[DATA EXCERPTS]

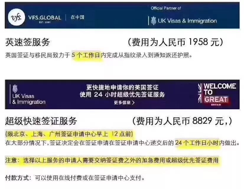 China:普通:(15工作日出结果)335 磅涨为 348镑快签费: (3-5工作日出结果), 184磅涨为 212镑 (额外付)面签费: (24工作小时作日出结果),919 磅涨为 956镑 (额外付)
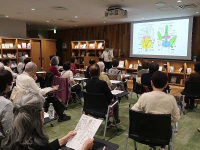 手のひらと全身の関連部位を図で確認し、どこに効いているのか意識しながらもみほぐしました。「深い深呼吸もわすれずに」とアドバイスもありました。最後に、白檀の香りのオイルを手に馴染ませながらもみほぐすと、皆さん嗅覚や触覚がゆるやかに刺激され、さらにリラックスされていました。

...

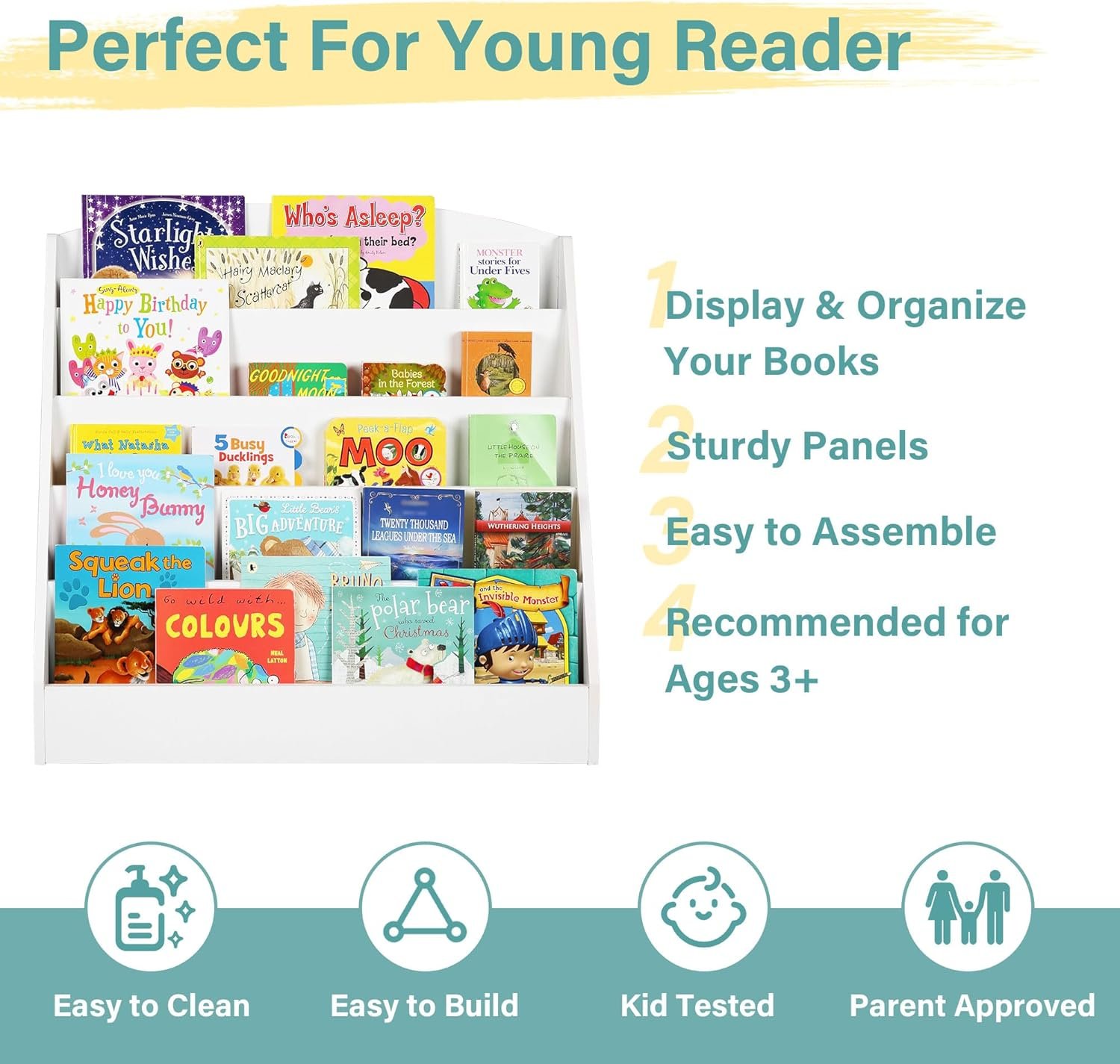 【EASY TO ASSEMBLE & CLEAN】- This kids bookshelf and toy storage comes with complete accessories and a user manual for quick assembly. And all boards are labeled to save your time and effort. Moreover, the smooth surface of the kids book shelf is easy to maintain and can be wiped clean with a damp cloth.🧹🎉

[WORK INSTRUCTION] Using the entries above, transcribe exactly from the line that has "China:普通:(15工作日出结果)335 磅涨为 348镑快签费: (3-5工作日出结果), 184磅涨为" through the line that has "手のひらと全身の関連部位を図". Pictures are dropped.

[WRITTEN REPLY]
 China:普通:(15工作日出结果)335 磅涨为 348镑快签费: (3-5工作日出结果), 184磅涨为 212镑 (额外付)面签费: (24工作小时作日出结果),919 磅涨为 956镑 (额外付)
 手のひらと全身の関連部位を図で確認し、どこに効いているのか意識しながらもみほぐしました。「深い深呼吸もわすれずに」とアドバイスもありました。最後に、白檀の香りのオイルを手に馴染ませながらもみほぐすと、皆さん嗅覚や触覚がゆるやかに刺激され、さらにリラックスされていました。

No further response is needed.